Its 2024 estimates suggest the two-parent working families raising two children can meet only 82% of their costs, compared to the same type of family earning enough to cover 93% of costs in 2008. Single parents in full-time work for the minimum wage are estimated to be around £192 short each week, meeting only 69% of the family’s costs, the organisation said.
CPAG said the calculations show the impact of rising costs and real-terms social security cuts. It added that the combination of the two-child limit which restricts child tax credit and universal credit to the first two children in most households – as well as gaps in help with childcare costs have led to “huge income shortfalls for working families with more than two children”.
The research estimated that a lone parent in 2024 on the minimum wage with three children can only cover 61% of the family’s costs, while a working couple with three children can meet only 70% of costs. The report, produced for CPAG by Loughborough University’s Centre for Research in Social Policy, estimated that raising a child from birth to 18 costs £260,000 for couples and £290,000 for lone parents.
Dr Juliet Stone, from Loughborough University, said her calculations showed “parents living on low incomes are increasingly unable to provide their families with a decent standard of living, even if they are in full-time work”. She added: “The findings add further evidence of the need for urgent policy reform – including removing the two-child limit – to ensure that all children can grow up in households with enough income to allow them to live with dignity.”

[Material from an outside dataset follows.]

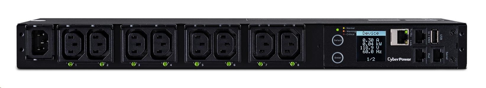 CyberPower Rack PDU, prepínaná, 1U, 10A, (8)C13, IEC-320 C14

CPAG chief executive Alison Garnham said: “The PM can see that families are struggling against the tide but a reset will need action, not just words. “Investment in children through the social security system is guaranteed to improve living standards for kids and would be a vital down-payment on the future of the country.

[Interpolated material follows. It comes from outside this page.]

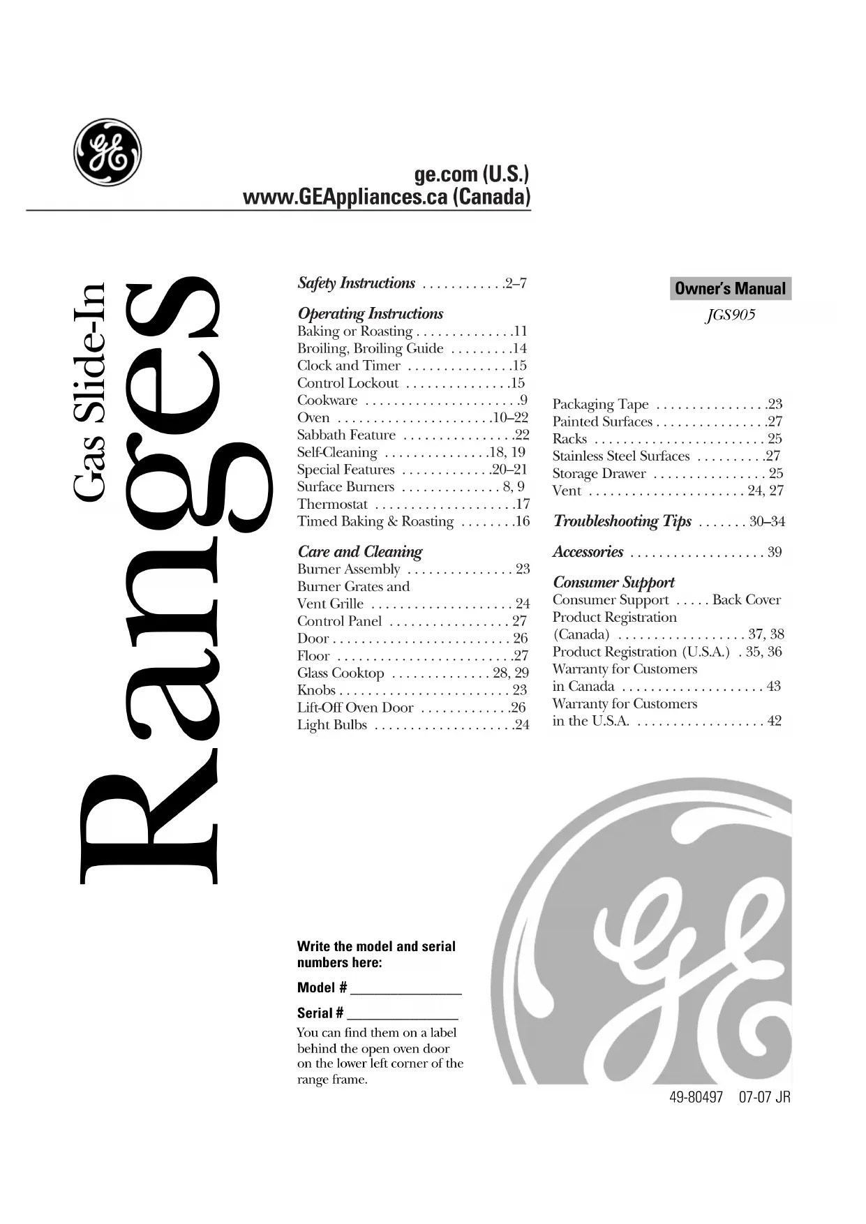 Instructions de sécurité Mode d'emploi Entretien et nettoyage Conseils de dépannage Soutien à la clientèle Notes. www.electromenagersge.ca38 Soutien à la clientèle Conseils de dépannage Entretien et nettoyage Mode d'emploi Instructions de sécurité Notes.39 Safety Instructions Operating Instructions Instructions de sécurité Mode d'emploi Entretien et nettoyage Conseils de dépannage Soutien à la clientèle ■ Les déplacements du service pour vous enseigner comment utiliser le produit. ■ Mauvaise installation, livraison ou maintenance. ■ Défaillance du produit suite à un abus, mauvaise utilisation ou utilisation à des fins autres que celles prévues ou utilisation commerciale. ■ Dommages à la surface de cuisson de verre par des déversements durcis de produits sucrés ou du plastique fondu non nettoyés selon le mode d’emploi du manuel du propriétaire. ■ Dommages à la surface de cuisson de verre en utilisant des nettoyants autres que les crèmes de nettoyage recommandées. ■ Remplacement des fusibles résidentielles ou réinitialisation des disjoncteurs. ■ Dommages au produit suite à un accident, incendie, inondations ou force majeure. ■ Dommages indirects ou consécutifs causés par des défauts possibles de l’appareil. ■ Dommages après la livraison. ■ Le service s’il est impossible d’avoir accès au produit pour ce faire. Ce que Mabe ne couvre pas : Garantie de la cuisinière au gaz GE. Tous les services sous garantie sont fournis par nos centres de service ou un technicien de service autorisé à la clientèle. Pour le service, composez le 1.800.361.3400. Veuillez fournir le numéro de série et le numéro de modèle lorsque vous appelez pour obtenir le service. Agrafez votre reçu ici. La preuve de date d’achat original est nécessaire pour obtenir l’entretien et les réparations sous la garantie. LE GARANT N’EST PAS RESPONSABLE DES DOMMAGES INDIRECTS. Garant : MABE CANADA INC. Pour la période de : Mabe remplacera : Un an Toute pièce de la cuisinière qui connaît une défaillance suite à un défaut de matériau De la date de ou de fabrication. Durant cette année de garantie limitée, Mabe fournira aussi, sans frais, l’achat original tous les services à la maison et tous les frais de main d’oeuvre pour remplacer la pièce défectueuse. EXCLUSION DE GARANTIES IMPLICITES – Votre seul et unique recours est la réparation du produit selon les dispositions de cette Garantie limitée. Toutes les garanties implicites, incluant les garanties de commercialité et d’adéquation à un usage spécifique, sont limitées à une année ou à la période la plus courte autorisée par la législation.Imprimé aux États-Unis Soutien à la clientèle. Site Web appareils électroménagers GE www.electromenagersge.ca Vous avez une question ou vous avez besoin d’aide pour votre appareil électroménager? Contactez-nous par Internet au site www.electromenagersge.ca 24 heures par jour, tous les jours de l’année. Service de réparations 1.800.361.3400 Service de réparations GE est tout près de vous. Pour faire réparer votre électroménager GE, il suffit de nous téléphoner au 1.800.361.3400. Studio de conception réaliste Sur demande, GE peut fournir une brochure sur l’aménagement d’une cuisine pour les personnes à mobilité réduite. Écrivez: Directeur, Relations avec les consommateurs, Mabe Canada Inc. Bureau 310, 1 Factory Lane Moncton, N.B. E1C 9M3 Prolongation de garantie www.electromenagersge.ca Achetez un contrat d’entretien GE avant que votre garantie n’expire et bénéficiez d’un rabais substantiel. Ainsi le service après-vente GE sera toujours là après expiration de la garantie. Visitez notre site Web ou appelez-nous au 1.800.461.3636. Pièces et accessoires Ceux qui désirent réparer eux-mêmes leurs électroménagers peuvent recevoir pièces et accessoires directement à la maison (cartes VISA, MasterCard et Discover acceptées). Les directives stipulées dans le présent manuel peuvent être effectuées par n’importe quel utilisateur. Les autres réparations doivent généralement être effectuées par un technicien qualifié. Soyez prudent, car une réparation inadéquate peut affecter le fonctionnement sécuritaire de l’appareil. Vous trouverez dans les pages jaunes de votre annuaire le numéro du Centre de service Mabe le plus proche. Contactez-nous Si vous n’êtes pas satisfait du service après-vente dont vous avez bénéficié : Premièrement, communiquez avec les gens qui ont réparé votre appareil. Ensuite, si vous n’êtes toujours pas satisfait envoyez tous les détails–numéro de téléphone compris–au Directeur, Relations avec les consommateurs, Mabe Canada Inc. Bureau 310, 1 Factory Lane Moncton, N.B. E1C 9M3 Inscrivez votre appareil électroménager www.electromenagersge.ca Inscrivez votre appareil électroménager en direct, aussitôt que possible. Cela améliorera nos communications et notre service après-vente. Vous pouvez également nous envoyer par la poste le formulaire d’inscription joint à votre documentation.

“Families need to feel improvements, and a crucial place to start is with scrapping the two-child limit.”
A Government spokesperson said they are developing “an ambitious strategy which will explore all possible levers to reduce child poverty and give children the best start in life”.
They added that their immediate support in the meantime for families on the lowest incomes includes “providing £1 billion in cost-of-living support through the Household Support Fund, increasing the National Living Wage to £12.21 an hour, uprating benefits and saving 700,000 of the poorest households with children up to £420 on their Universal Credit deductions by introducing a Fair Repayment Rate”.